The Earth Charter Initiative is the global network that embraces, uses and integrates the Earth Charter principles. Harmony Habitat proudly adheres to The Earth Charter.

BALLE – Localism

BALLE is an acronym that stands for Business Alliance for Local Living Economies. Localism is the name given to the means of achieving local living economies. It is about building communities that healthier and more sustainable – backed by local economies that are stronger and more resilient. The goal is real prosperity for all – through the following directives:

  • use regional resources to meet our needs
  • recognize that we’re all better off, when we’re all better off
  • build the New Economy where we live
  • reconnect eaters with farmers, investors with entrepreneurs, and business owners with communities
  • expand and diversify local ownership
  • develop policies to create more wealth per capital, more jobs and greater personal accountability
  • transform key industries into localized, sustainable, green- and community-focused industries
  • acknowledge the systemic relationship between the main industry sectors

Slow Money Principles

“In order to enhance food security, food safety and food access; improve nutrition and health; promote cultural, ecological and economic diversity; and accelerate the transition from an economy based on extraction and consumption to an economy based on preservation and restoration, we do hereby affirm the following Slow Money Principles:”
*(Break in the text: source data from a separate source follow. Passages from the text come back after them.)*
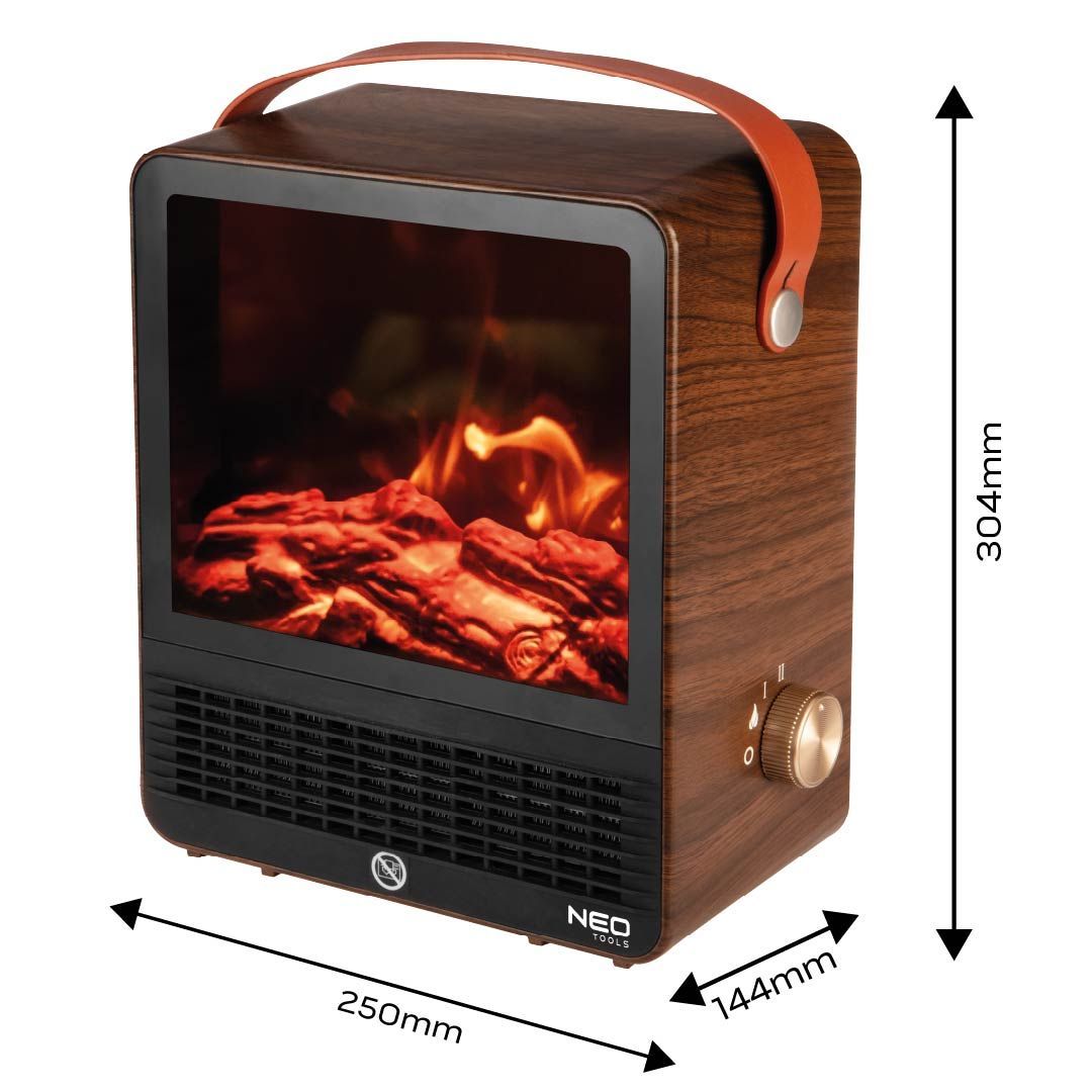 Камін електричний, декоративний Neo Tools, 850/1500Вт, 15–20м2, регулятор, 25х14.4х30.4см, дерево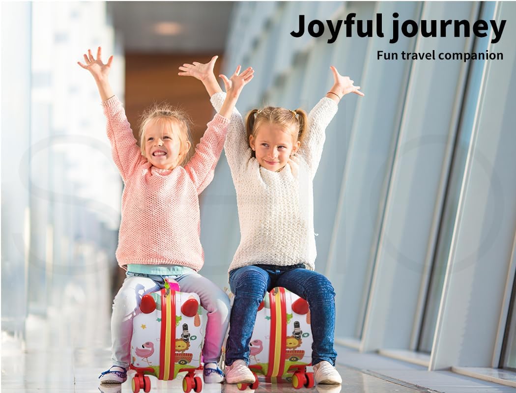 Dieser 2-in-1 Koffer besteht aus robustem ABS- und PC-Material und bietet eine wasserdichte und kratzfeste Hartschale zum Schutz des Gepäcks. Das clevere Design ermöglicht es Kindern, sich hinzusetzen und zu fahren – entweder indem sie sich mit den Füßen abstoßen oder mit dem beiliegenden Gurt gezogen werden. Mit einer Tragfähigkeit von 50 kg und einem großzügigen Stauraum von 28 Litern ist er ideal für Kleidung, Spielzeug und Snacks. Ausgestattet mit 360° schwenkbaren Vorderrädern und klappbaren Fußstützen sorgt er für leichte Manövrierbarkeit und Komfort für kleine Reisende.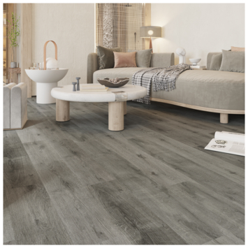 Kleurstaal click PVC Basic rechte stroken donkergrijs eiken houtlook

I. We must bring money back down to earth.

II. There is such a thing as money that is too fast, companies that are too big, finance that is too complex. Therefore, we must slow our money down — not all of it, of course, but enough to matter.

III. The 20th Century was the era of Buy Low/Sell High and Wealth Now/Philanthropy Later—what one venture capitalist called “the largest legal accumulation of wealth in history.” The 21st Century will be the era of nurture capital, built around principles of carrying capacity, care of the commons, sense of place and non-violence.

IV. We must learn to invest as if food, farms and fertility mattered. We must connect investors to the places where they live, creating vital relationships and new sources of capital for small food enterprises.

V. Let us celebrate the new generation of entrepreneurs, consumers and investors who are showing the way from Making A Killing to Making a Living.

VI. Paul Newman said, “I just happen to think that in life we need to be a little like the farmer who puts back into the soil what he takes out.” Recognizing the wisdom of these words, let us begin rebuilding our economy from the ground up.